Smart górował, słabiutki za to mecz rozegrał inny playmaker Celtów, czyli Evan Turner, który miał spore problemy i trafił tylko jeden z siedmiu rzutów, miał dwie asysty i trzy straty. Na plus na pewno postawa bostońskich podkoszowych, którzy całkiem nieźle spisali się na tablicach, co jest zasługą przede wszystkim Davida Lee oraz Jareda Sullingera (obaj osiem zbiórek). Koniec końców to Celtics wygrali w zbiórkach wynikiem 54-45. Swoje dołożył też cichy zabójca, jakim jest ostatnio równy i solidny Jae Crowder.

Najważniejszą informacją w przypadku Crowdera jest to, że prócz ładnej linijki statystycznej (13 oczek, siedem zbiórek, trzy asysty) trafił trzy z czterech trójek. I oby tylko tak dalej, bo przecież wiemy, że Crowder rzucać potrafi i ma potencjał, aby trafiać na procencie wyższym niż 35. W obronie też było nieźle, Melo oczywiście swoje trafi, ale w tym spotkaniu Celtics odwalili kawał kapitalnej roboty, bo Anthony spudłował aż 14 z 18 oddanych prób. I to pomimo faktu, że Fisher wpuścił go nawet w ostatniej kwarcie, kiedy Celtowie wyszli młodymi.

Ci nie zachwycili, zagrali po prostu swoje. Rozier dołożył dwie kolejne trójki, Hunter znów miał kilka fajnych podań i solidnie zaprezentował się w obronie, a Mickey wykończył jedną akcję, parę razy zebrał piłkę i miał jeden blok. Jeden blok miał też Amir Johnson, który też nie błyszczał, ale tylko tym blokiem – bo na Melo – potwierdził swoją ogromną wartość dla bostońskiej defensywy. Avery Bradley zanim doznał urazu to grał głównie na półdystansie, z pięciu rzutów z mid-range trafił trzy, zmagania zakończył z dziewięcioma punktami.

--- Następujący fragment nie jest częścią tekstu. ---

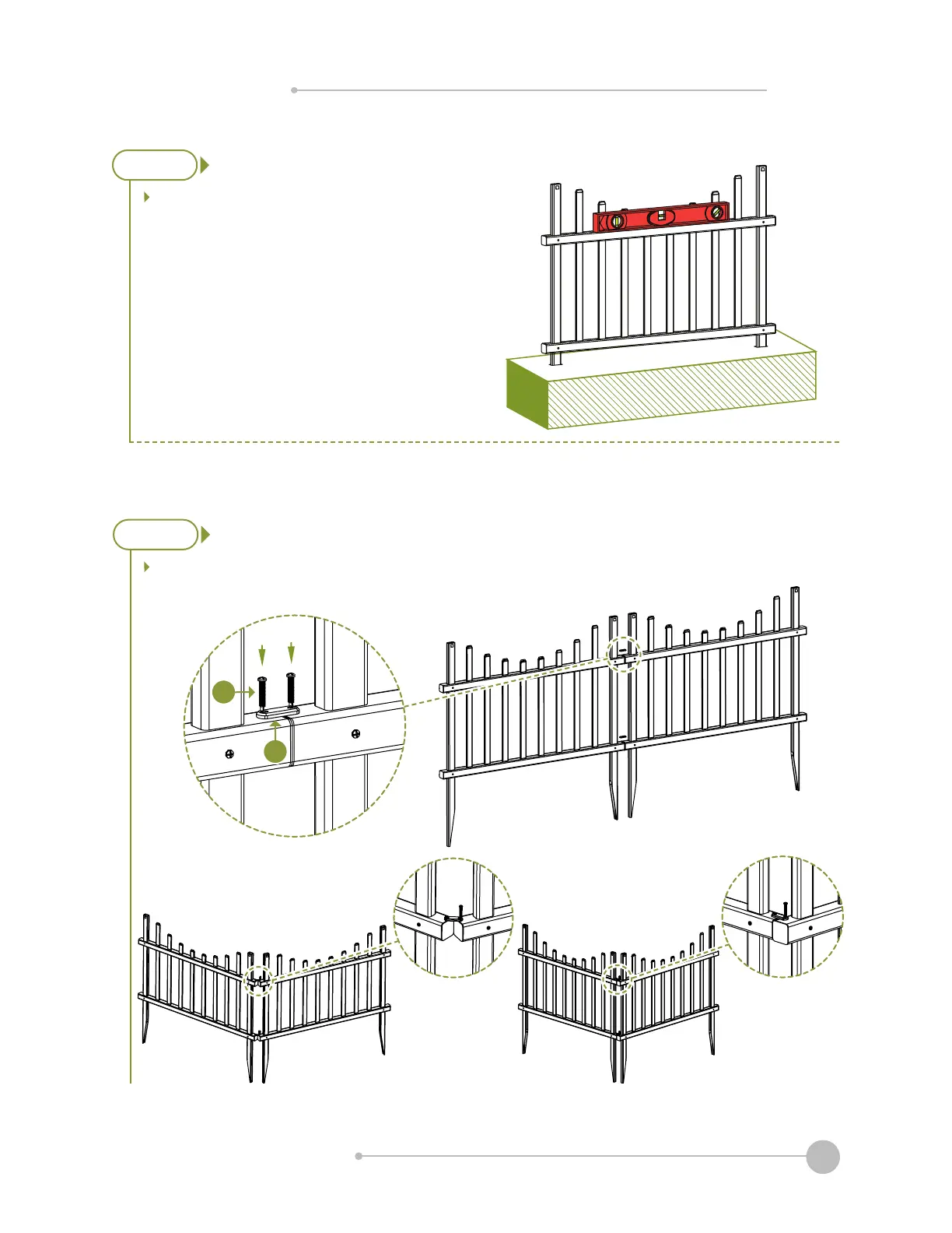Fasten the fence panels together using (2) Joiner Clips (G)

Osobny akapit trzeba poświęcić dwóm bohaterom spotkania. Po pierwsze, Jonas Jerebko takimi występami udowadnia, dlaczego jest wart pieniędzy, które dostał w kontrakcie. Aktywny, waleczny, efektowny. Miał kilka fancy-rzutów, zebrał też pięć piłek (w tym trzy po atakowanej stronie). Sullinger z kolei trafił tylko cztery z 10 rzutów wolnych i znów sporo grał na dystansie, ale w końcu znacząco pomógł drużynie w zasadzie w każdym aspekcie gry (z nim na parkiecie C’s byli +15). I za taki mecz należą mu się ogromne brawa.